» **The data**
::::::
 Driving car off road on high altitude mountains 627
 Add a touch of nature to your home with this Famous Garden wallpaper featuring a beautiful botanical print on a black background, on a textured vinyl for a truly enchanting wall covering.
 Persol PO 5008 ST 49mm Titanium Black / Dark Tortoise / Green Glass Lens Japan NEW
::::::
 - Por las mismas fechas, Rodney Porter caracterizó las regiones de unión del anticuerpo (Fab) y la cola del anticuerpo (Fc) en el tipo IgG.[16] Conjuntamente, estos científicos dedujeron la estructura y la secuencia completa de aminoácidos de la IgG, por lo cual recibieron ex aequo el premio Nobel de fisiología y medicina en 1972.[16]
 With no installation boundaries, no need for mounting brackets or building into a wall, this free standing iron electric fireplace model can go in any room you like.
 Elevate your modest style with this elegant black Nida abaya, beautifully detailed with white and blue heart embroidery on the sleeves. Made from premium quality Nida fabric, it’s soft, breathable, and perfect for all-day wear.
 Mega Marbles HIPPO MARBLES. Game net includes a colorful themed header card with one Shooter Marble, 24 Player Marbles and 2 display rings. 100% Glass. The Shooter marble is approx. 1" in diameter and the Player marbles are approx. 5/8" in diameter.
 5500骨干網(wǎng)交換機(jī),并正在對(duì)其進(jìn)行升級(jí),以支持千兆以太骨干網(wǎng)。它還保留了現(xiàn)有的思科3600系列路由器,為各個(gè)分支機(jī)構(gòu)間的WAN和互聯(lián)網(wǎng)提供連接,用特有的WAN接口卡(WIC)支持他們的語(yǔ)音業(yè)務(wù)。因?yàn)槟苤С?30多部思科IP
::::::
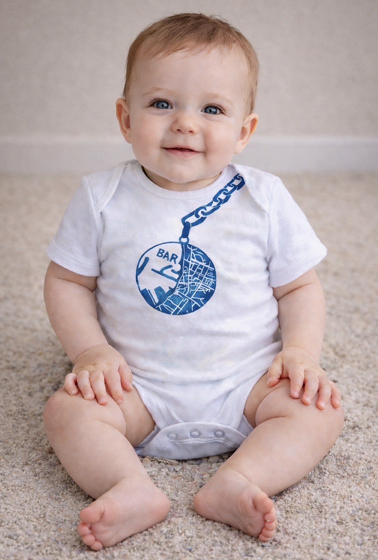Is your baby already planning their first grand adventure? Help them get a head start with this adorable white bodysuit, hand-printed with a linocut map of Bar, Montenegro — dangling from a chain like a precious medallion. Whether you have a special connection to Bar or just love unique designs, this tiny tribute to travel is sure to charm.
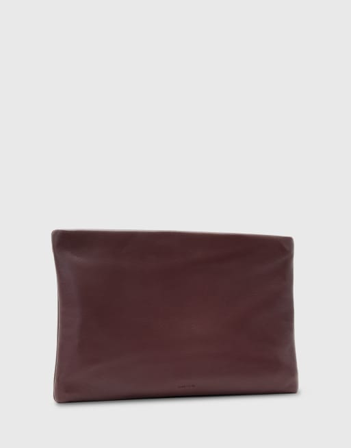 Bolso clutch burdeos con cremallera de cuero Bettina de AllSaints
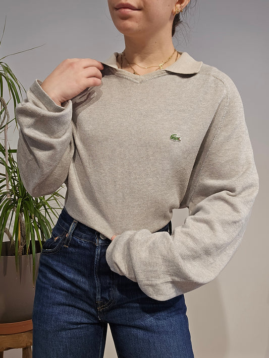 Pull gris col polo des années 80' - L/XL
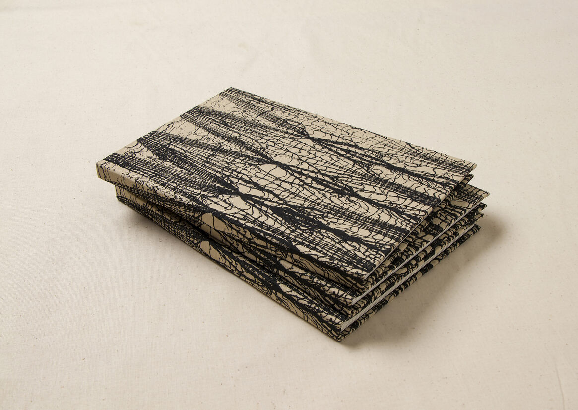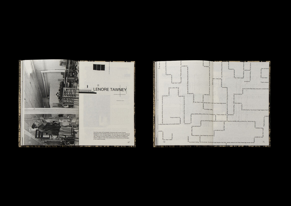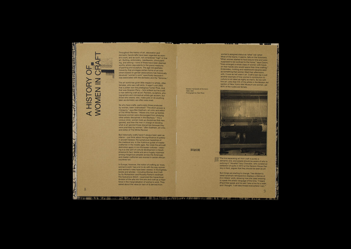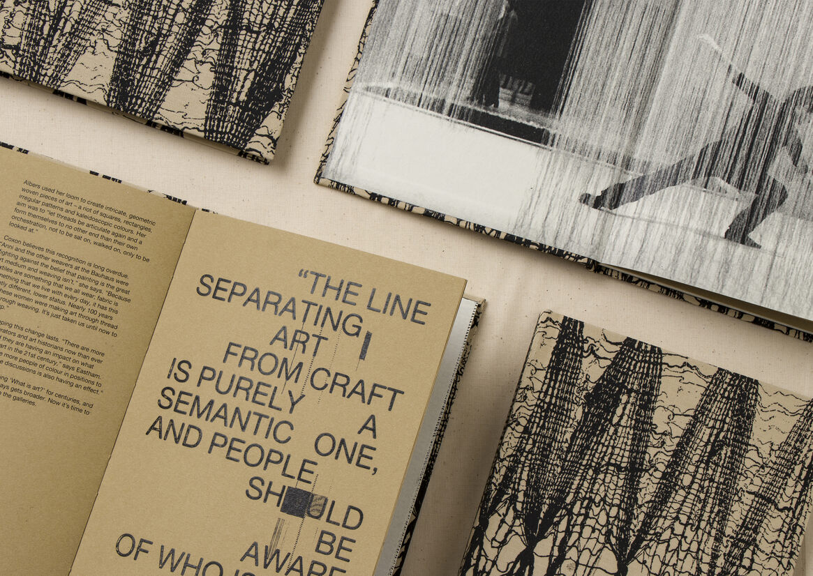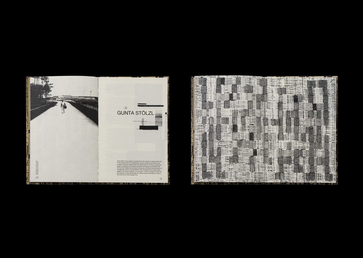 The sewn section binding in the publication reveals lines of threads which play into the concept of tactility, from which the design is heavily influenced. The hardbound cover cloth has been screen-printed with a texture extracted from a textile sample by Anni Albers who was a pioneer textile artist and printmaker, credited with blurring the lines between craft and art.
::::::
» **Task**
Using the records above, copy word for word the line with "With no installation", the line with "5500骨干網(wǎng)交", and every line between them.

» **Result of the exercise**
 With no installation boundaries, no need for mounting brackets or building into a wall, this free standing iron electric fireplace model can go in any room you like.
 Elevate your modest style with this elegant black Nida abaya, beautifully detailed with white and blue heart embroidery on the sleeves. Made from premium quality Nida fabric, it’s soft, breathable, and perfect for all-day wear.
 Mega Marbles HIPPO MARBLES. Game net includes a colorful themed header card with one Shooter Marble, 24 Player Marbles and 2 display rings. 100% Glass. The Shooter marble is approx. 1" in diameter and the Player marbles are approx. 5/8" in diameter.
 5500骨干網(wǎng)交換機(jī),并正在對(duì)其進(jìn)行升級(jí),以支持千兆以太骨干網(wǎng)。它還保留了現(xiàn)有的思科3600系列路由器,為各個(gè)分支機(jī)構(gòu)間的WAN和互聯(lián)網(wǎng)提供連接,用特有的WAN接口卡(WIC)支持他們的語(yǔ)音業(yè)務(wù)。因?yàn)槟苤С?30多部思科IP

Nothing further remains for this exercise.